WHAT IS EXPECTED »
Return nothing but the lines from the one with "师德是教师必备的基本道德素养" through the one with "21일 tvN '유퀴즈" in the data below, word for word and without pictures.

DATA SECTION »
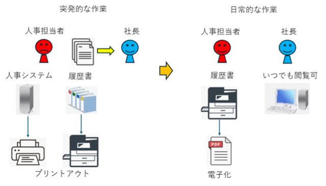 人事部門が社長の指示で、指定社員の履歴書から人事考課履歴、譴責処分などの履歴を印刷して紙で提出していました。突発的に指示が発生して、最優先で対応する必要があるため毎回人事部門は混乱していました。人事システムはオンプレ製品であったため、メーカーにODBC接続でデータベースへのアクセス許可を頂いておりました。履歴書以外のデータについては人事システムから取得できるため、履歴書のみ入社時にスキャンして社員番号をファイル名にして特定フォルダへ保存する運用ルールを確立しました。
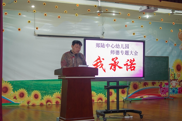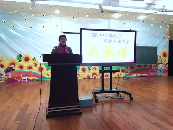 师德是教师必备的基本道德素养和职业要求,是一种具有感染力的品行,是一种自觉内化的高尚情感。为强化师德教育,全面提高教师职业道德水平,2017年12月6日下午,天宁区郑陆中心幼儿园展开了“我承诺”师德大会,会议由陆建芬副园长主持,全体教职工参与。
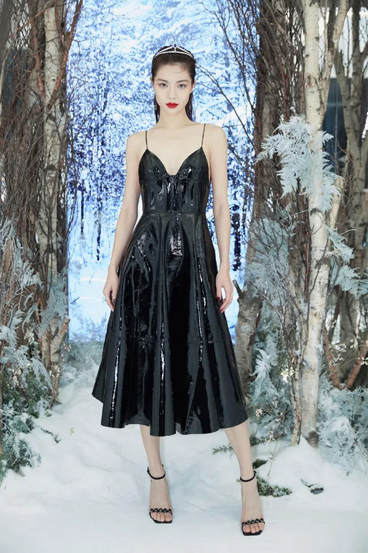 钟楚曦身穿Alex Perry漆皮吊带连衣裙出席Chaumet派对,散发女特工的性感与酷帅个性。
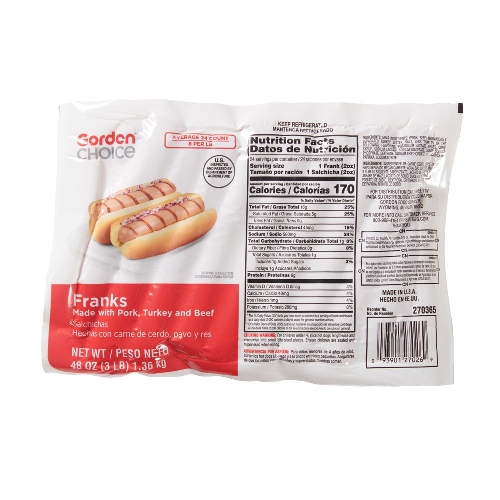 Salchichas de carne de res/cerdo/pavo, 6 pulgadas, 8 por libra, frescas, 3 Libr Paq, 12/Caj
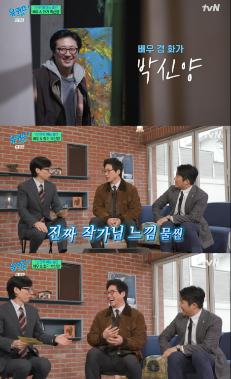 21일 tvN '유퀴즈 온 더 블록'에서 배우이자 화가로 활약 중인 박신양이 출연하였습니다. 이번 특집에는 박신양 외에도 대세 아나운서 강지영과 세계 0.1% 여성 일등항해사인 김승주도 함께 출연했습니다.
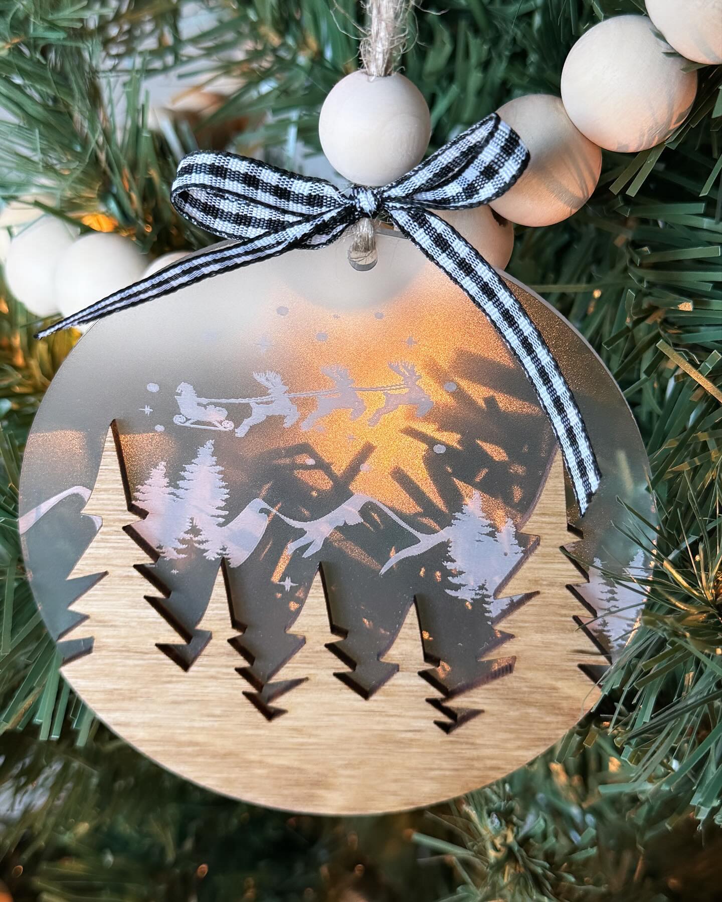 One of our top sellers for Christmas! These Winter Scene Ornaments are great as client gifts for realtors, or even gifts for family, friends and coworkers. Made from 1/8" birch and 1/8" clear acrylic, gives these ornaments a 3D look. Can be ordered with or without personalization.

RESULT BELOW »
 师德是教师必备的基本道德素养和职业要求,是一种具有感染力的品行,是一种自觉内化的高尚情感。为强化师德教育,全面提高教师职业道德水平,2017年12月6日下午,天宁区郑陆中心幼儿园展开了“我承诺”师德大会,会议由陆建芬副园长主持,全体教职工参与。
 钟楚曦身穿Alex Perry漆皮吊带连衣裙出席Chaumet派对,散发女特工的性感与酷帅个性。
 Salchichas de carne de res/cerdo/pavo, 6 pulgadas, 8 por libra, frescas, 3 Libr Paq, 12/Caj
 21일 tvN '유퀴즈 온 더 블록'에서 배우이자 화가로 활약 중인 박신양이 출연하였습니다. 이번 특집에는 박신양 외에도 대세 아나운서 강지영과 세계 0.1% 여성 일등항해사인 김승주도 함께 출연했습니다.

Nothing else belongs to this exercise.